◆ TASK OBJECTIVE
Nothing but the lines from the one that holds "समाजिक संजालमा सरकारमाथि" through the end of the material should be repeated, each exactly as it stands, and pictures stay out.

◆ SUPPLIED INFORMATION
####################

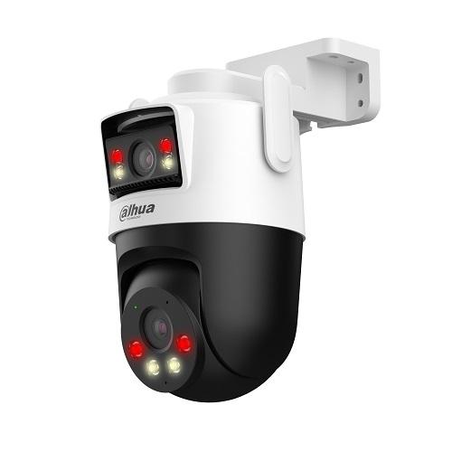 IP valdoma kamera, lauko IP66, 5MP+5MP dviejų objektyvų, (2880 × 1620)@15fps, 1/3" CMOS sensorius, IR+LED dvigubas pašvietimas iki 50/40m, ir iki 30/20m, SD iki 256 GB, 2.8mm fiksuotas objektyvas, apžvalgos kampas apie 95°, F1.6; PT 6mm fiksuotas objektyvas, apžvalgos kampas 49°; sukimosi kampas 352°, su įmontuotu mikrofonu ir garsiakalbiu, aktyviu atgrasymu; H.265, Wi-Fi 2.4GHz, išmanaus aptikimo ir sekimo, PICOO serija; DMSS; Modelis DH-P5D-5F-PV.
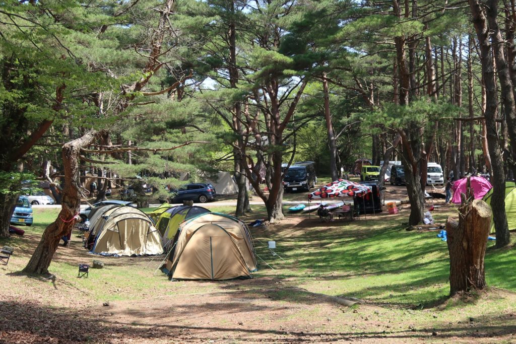 広大な敷地を誇る「本栖湖キャンプ場」。テントエリアは、予約不要のフリーサイトとなっており、良い場所は早い者勝ち。ペットもOKのようで、数多くワンちゃんの姿を見かけました。
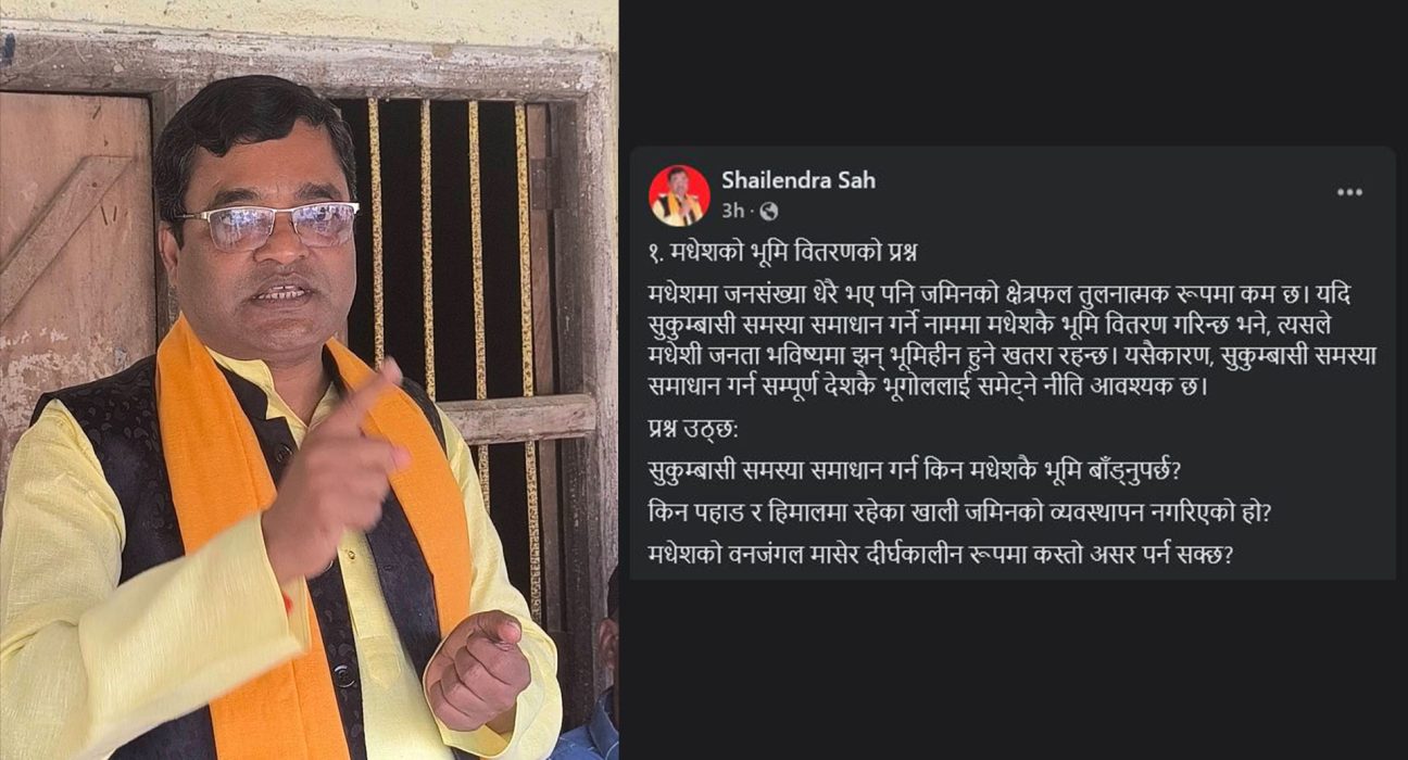 समाजिक संजालमा सरकारमाथि प्रश्न तेस्र्याउँदै सचिव साहले लेखेका छन् ,‘सुकुम्बासी समस्या समाधान गर्न मधेशकै भूमि बाड्नुपर्छ ?’
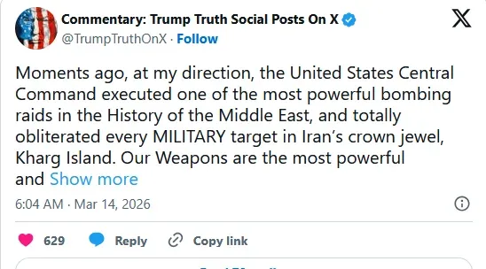 นอกจากนี้เขายังโพสต์บน X ว่า "ด้วยเหตุผลด้านมนุษยธรรม ผมได้เลือกที่จะไม่ทำลายโครงสร้างพื้นฐานด้านน้ำมันบนเกาะ" และ "หากอิหร่านหรือประเทศอื่นใด ดำเนินการใดๆที่เป็นการรบกวนเสรีภาพและความปลอดภัย ของการเดินเรือผ่าน "ช่องแคบฮอร์มุซ" ผมจะพิจารณาทบทวนการตัดสินใจดังกล่าวโดยทันที!!"

####################

◆ EXERCISE OUTPUT
 समाजिक संजालमा सरकारमाथि प्रश्न तेस्र्याउँदै सचिव साहले लेखेका छन् ,‘सुकुम्बासी समस्या समाधान गर्न मधेशकै भूमि बाड्नुपर्छ ?’
 นอกจากนี้เขายังโพสต์บน X ว่า "ด้วยเหตุผลด้านมนุษยธรรม ผมได้เลือกที่จะไม่ทำลายโครงสร้างพื้นฐานด้านน้ำมันบนเกาะ" และ "หากอิหร่านหรือประเทศอื่นใด ดำเนินการใดๆที่เป็นการรบกวนเสรีภาพและความปลอดภัย ของการเดินเรือผ่าน "ช่องแคบฮอร์มุซ" ผมจะพิจารณาทบทวนการตัดสินใจดังกล่าวโดยทันที!!"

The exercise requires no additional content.